I initially surmised that the 30% “affordable” apartments will be on the lower floors on the East side of the building facing a shabby collection of large commercial buildings with maybe a separate entrance for the below market rate rabble. I have been assured that this is not the case, that no poor door will exist and the distribution of units will be part of the public review process.
Yes well, this is the second time they have tried something like this.
The first time, in 2014, the $100 million check was coming from real estate investor Michael Novogratz, who was at that time a partner with Westbrook and Atlas—but the deal was done in such nasty secrecy that the stuff hit the fan. Novogratz dropped out and then was bought out for $200 million (perhaps for his lack of negotiating finesse) by fellow real estate investment firms Westbrook and Atlas. The same firms that now offer the same $100 million check to the park, while Novogratz still appears as the head of Friends of Hudson River Park (some friend).

The Times article is all over the place with snippets of familiar whines from Madelyn Wils, the head of the Hudson River Parks Trust. Wils—who has through her managerial skills allowed the park to slip into losing $1.6 million a year.
Right now there is no way the park can prevent the bureaucratic equivalent of bankruptcy hence the secretive wee hours of the morning passage of a bill to allow her to sell the air rights of a pier—not a building but a pier built over water. And allowing one of the highest luxury condos in the Village to be built at 430 feet, the same height limit allowed in Hudson Square.
One of the reasons given to take this money is that, according to a “recent study” the 3,500 steel piles of Pier 40 are corroding. This is an example PR hype. The steel piles have been corroding since 1971 when the Port Authority turned off the electrical cathodic system that prevents pile corrosion in salt water. Not telling the truth is not the way to make us West Villagers buy letting Westbrook and Atlas build 1.7 million square feet of floor space.
OK, both attorney Arthur Schwartz (who sued the city to build the Astro-turf athletic fields after the last failed RFP) and Councilman Corey Johnson plead that if we don’t sell the air rights to these two real estate firms now known as St. John’s Center Partners, they will build a monster building complex anyway. This way we get 30% of the 1,586 apartments or 476 units for “permanent affordable housing including low income moderate income and senior housing” and half of those apartments will be held for current residents of the CB2 district.

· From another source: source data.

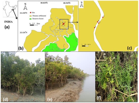 Depicts the quadrat and salinity sampling sites in the central Indian Sundarbans. (a) Map of India with the area of Sundarbans zoomed out. (b) The whole region of Indian Sundarbans depicted along with the reserve forest and human habitable islands, from which the biodiversity sampling locations (1–4) were zoomed out. (c) The biodiversity sampling area zoomed out and depicted as points (1–4). (d) The quadrat sampling at the study site with dominance of Avicennia marina. (e) The sampling site and the adjoining creek in high tide have been depicted in this picture. (f) A natural occurrence of Suaeda maritima in the study site observed near to the LTL.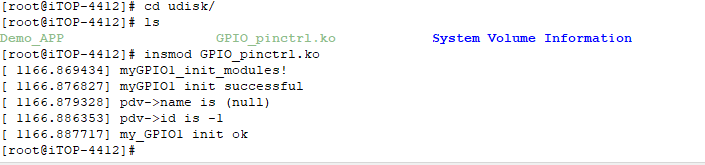 输入命令:insmod GPIO_pinctrl.ko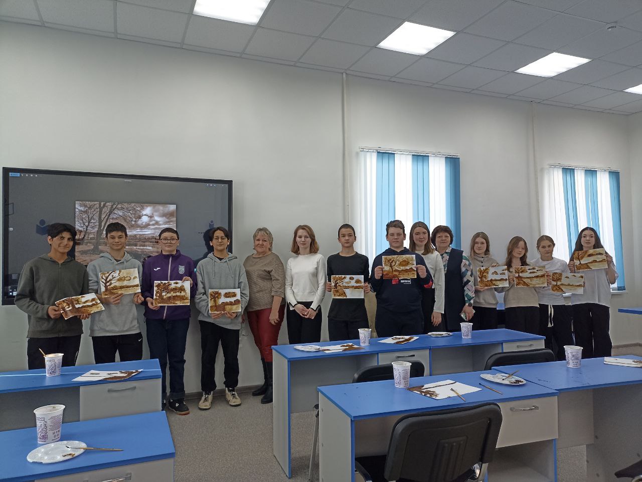 В рамках Профессионального навигатора в Центре педагогических компетенций студенты 4 курса с преподавателем Козловой Галиной Владимировной специальности Изобразительное искусство и черчение провели мастер-класс «Кофейная монополия» для учащихся 8-х классов Школы №100 им.А.А. Абдуллина.

Hmm, yes, well. While I was working on this article yesterday our photographer, Maggie B came by to take the photo of the Sinclair Lewis apartment in this issue and asked if I had seen the ad in the Times Magazine touting “The Shepard” a 19th century warehouse being renovated on 10th Street with apartments starting at $4,350.000 (no wonder they can afford inserting a fat, glossy, full color ad in the magazine).
I thought with the 100 luxury co-ops of the Rudin replacement for St. Vincent’s and the 90 apartments currently being occupied by big spenders like Bon Jovi at 150 Charles Street and now with more than 1000 luxury apartments in this new Emerald City on the Hudson—we are being surrounded by a new generation of Villagers who can afford some of the most expensive apartments in the world.
And soon they will be the majority voters at the Community Board meetings asking to end rent stabilizations so their kids graduating from Ivy League colleges can move into those nice quaint brown stone apartments currently occupied by little old Villagers on Social Security.